Louis smirked as he looked at me. His hair was scruffy, teased with the pervious stare of sleep and his upper torso was bare, pyjama bottoms covering his bottom half. He pulled a chair from the table, and took a sigh of a seat near me as he ran his gaze across the papers that were littering the surface of the table.

“You’re such a workaholic.” He commented and I refrained sighing in relief. He thinks this is work. “Wait…” he said, leaning over the table now. I winced as he narrowed his eyes at the many sheets before us, his brow furrowed in confusion and blatant deep thought. “What’s this…?”

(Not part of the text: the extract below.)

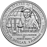 If you're going to do a series on important American women, of COURSE you're going to do Anna Eleanor Roosevelt. She is the most notable and effective activist First Lady since Dolley Madison evacuated the White House, and she set the bar for all presidential spouses since then. Her work during the war is commendable and is exceeded only by her later work with UN and the Universal Declaration of Human Rights. She ALREADY has a coin, though it is one of the Presidential Spouses $10 series that never saw circulation, and she, apart from all the other first ladies, has her own statue in her husband's memorial in Washington DC.

He pulled the roughly sketched family tree from underneath my arm, raising his eye-brows sceptically at my hesitancy to let him hold it in his possession. I watched in silence for a few seconds as his milky blue eyes scanned busily over the paper, smothered in my neat block print.

“It’s just a family tree,” I snapped, snatching it from his grasp. He quirked an eye-brow, seeming even slightly bemused by my protective state of this one piece of paper.

“A family tree,” He repeated, his mockery was evitable and I shot him a look at it. “And when did you start working for an Ancestry company?”